Without the images, reproduce each line of the material exactly.

> [STORED DATA]:
=== Begin Enclosure ===

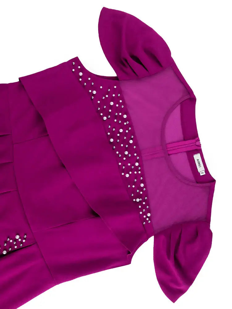AOMEIDRESS Elegant Beaded Peplum Belly Cover Church Jumpsuit O Neck Purple / S
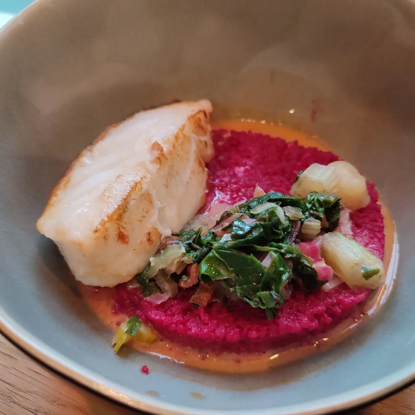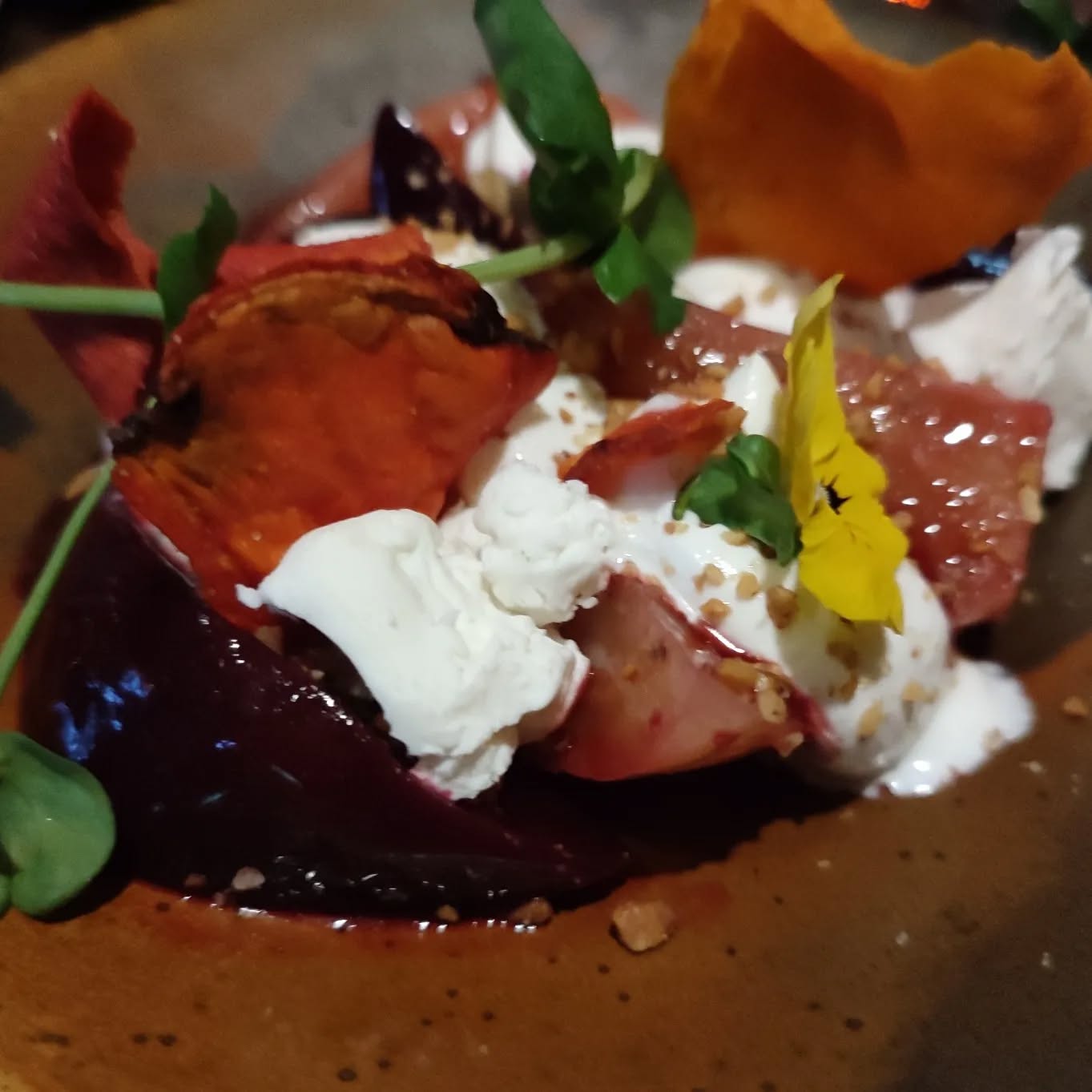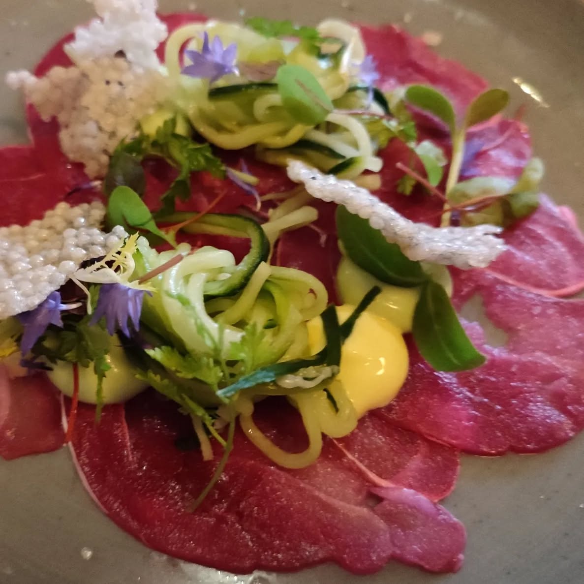 #carpaccio van #kabeljauw #beetroot #ratatouille #biefstuk met #polenta en #spinazie #bloemtop...
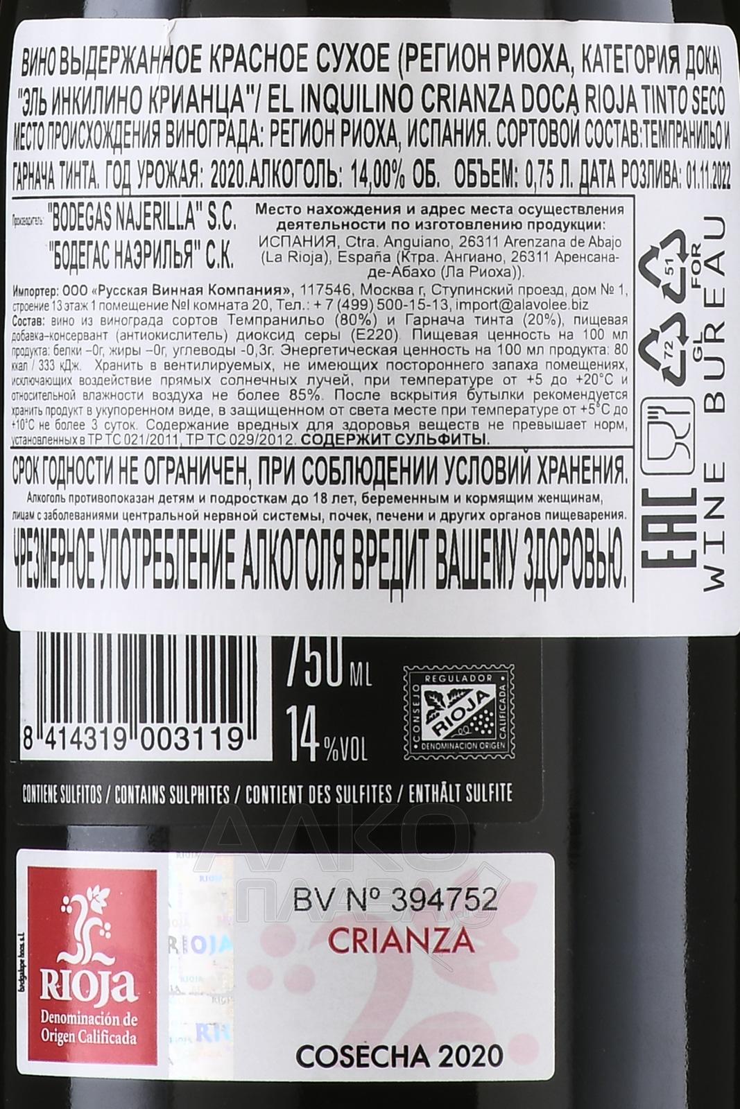 Красное сухое вино El Inquilino Crianza 2020 года 0,75 л — отличным пример современного риоханского стиля. Виноград был вручную со лоз возрастом около 35 лет, растущих на глинисто-известковых почвах в зоне мягкого климата. Урожай 2020 года оказался удачным: умеренные температуры и ровные осадки обеспечили равномерное созревание ягод. 25% гроздей винифицировали целыми, остальную часть сырья отделили от гребней. Ферментация протекала в стальных емкостях, что придало вину выразительный аромат и легкую танинную структуру. Оно выдерживалось 6 месяцев в б/у дубовых бочках объемом 228 и 400 литров, что помогло сохранить чистоту фруктового профиля и добавить легкие древесные ноты. Эль Инкилино Крианца El Inquilino получило высокие оценки за баланс и свежесть, заняв заметное место среди вин Риохи новой волны.

=== End Enclosure ===

> [RESULT OF THIS TASK]:
AOMEIDRESS Elegant Beaded Peplum Belly Cover Church Jumpsuit O Neck Purple / S
 #carpaccio van #kabeljauw #beetroot #ratatouille #biefstuk met #polenta en #spinazie #bloemtop...
 Красное сухое вино El Inquilino Crianza 2020 года 0,75 л — отличным пример современного риоханского стиля. Виноград был вручную со лоз возрастом около 35 лет, растущих на глинисто-известковых почвах в зоне мягкого климата. Урожай 2020 года оказался удачным: умеренные температуры и ровные осадки обеспечили равномерное созревание ягод. 25% гроздей винифицировали целыми, остальную часть сырья отделили от гребней. Ферментация протекала в стальных емкостях, что придало вину выразительный аромат и легкую танинную структуру. Оно выдерживалось 6 месяцев в б/у дубовых бочках объемом 228 и 400 литров, что помогло сохранить чистоту фруктового профиля и добавить легкие древесные ноты. Эль Инкилино Крианца El Inquilino получило высокие оценки за баланс и свежесть, заняв заметное место среди вин Риохи новой волны.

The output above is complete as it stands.